[Collected material]:
/---

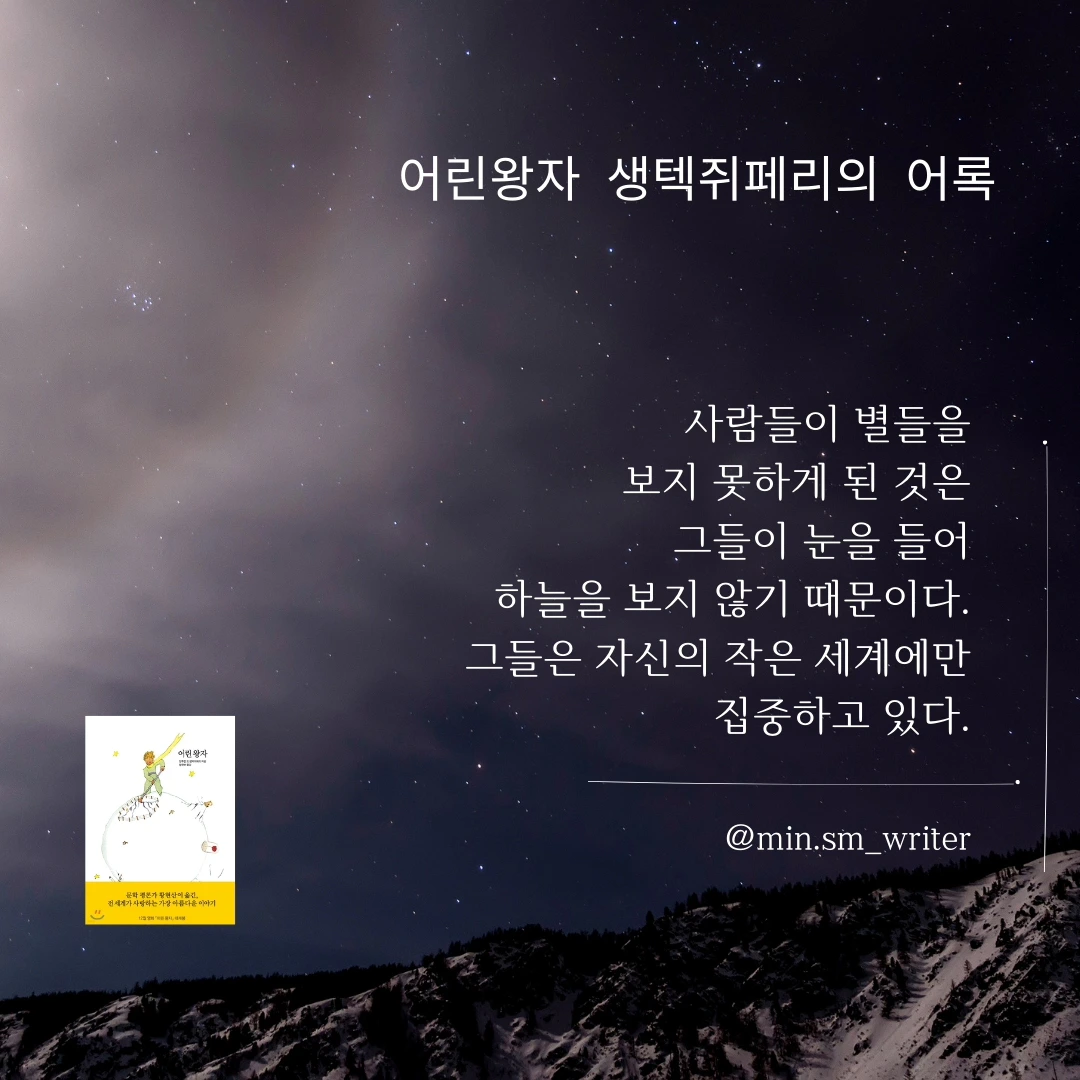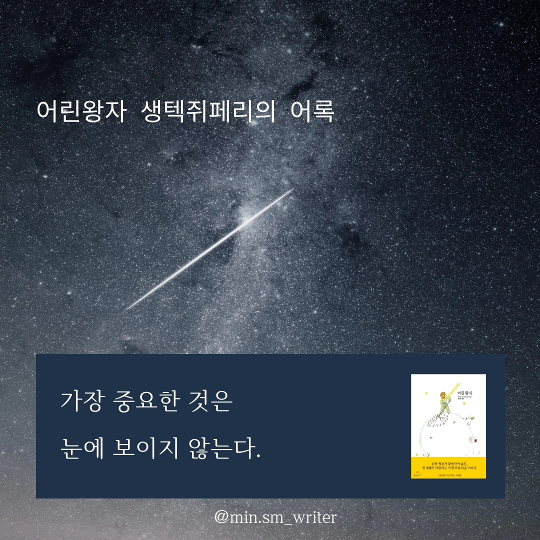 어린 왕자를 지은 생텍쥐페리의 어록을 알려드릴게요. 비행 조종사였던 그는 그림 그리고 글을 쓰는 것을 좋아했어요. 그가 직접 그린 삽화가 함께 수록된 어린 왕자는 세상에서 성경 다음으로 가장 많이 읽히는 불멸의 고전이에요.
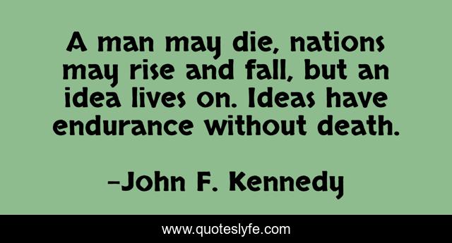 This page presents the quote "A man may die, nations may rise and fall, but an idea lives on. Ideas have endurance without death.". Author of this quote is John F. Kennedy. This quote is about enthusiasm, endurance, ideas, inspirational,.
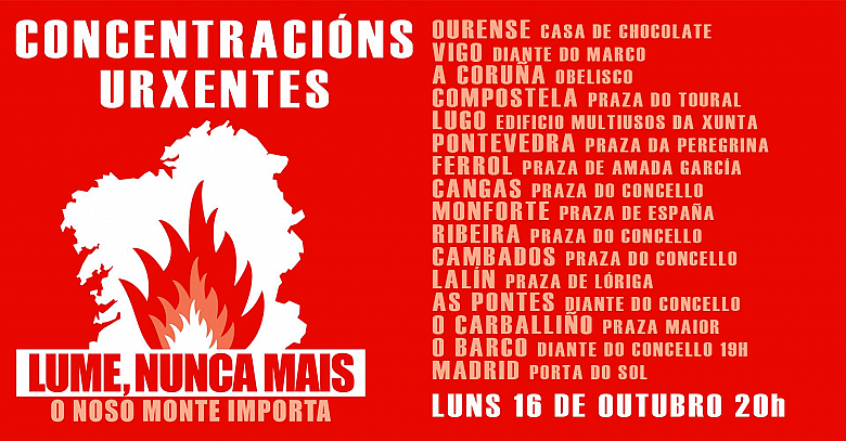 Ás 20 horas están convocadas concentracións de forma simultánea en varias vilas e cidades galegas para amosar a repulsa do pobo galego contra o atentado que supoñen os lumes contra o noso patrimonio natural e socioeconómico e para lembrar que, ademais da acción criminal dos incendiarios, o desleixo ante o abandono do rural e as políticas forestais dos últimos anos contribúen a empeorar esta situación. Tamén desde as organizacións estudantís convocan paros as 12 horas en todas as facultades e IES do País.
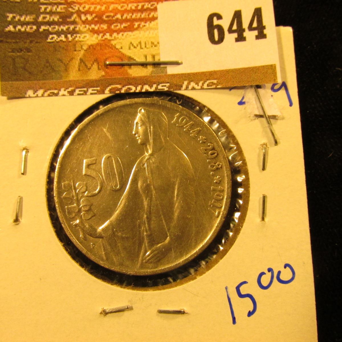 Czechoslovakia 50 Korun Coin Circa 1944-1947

\---

[What the task requires]: Your output should be the lines from the line containing "This page presents" through the last line of the listing above, restated exactly, with no pictures among them.

[Result for this exercise]:
 This page presents the quote "A man may die, nations may rise and fall, but an idea lives on. Ideas have endurance without death.". Author of this quote is John F. Kennedy. This quote is about enthusiasm, endurance, ideas, inspirational,.
 Ás 20 horas están convocadas concentracións de forma simultánea en varias vilas e cidades galegas para amosar a repulsa do pobo galego contra o atentado que supoñen os lumes contra o noso patrimonio natural e socioeconómico e para lembrar que, ademais da acción criminal dos incendiarios, o desleixo ante o abandono do rural e as políticas forestais dos últimos anos contribúen a empeorar esta situación. Tamén desde as organizacións estudantís convocan paros as 12 horas en todas as facultades e IES do País.
 Czechoslovakia 50 Korun Coin Circa 1944-1947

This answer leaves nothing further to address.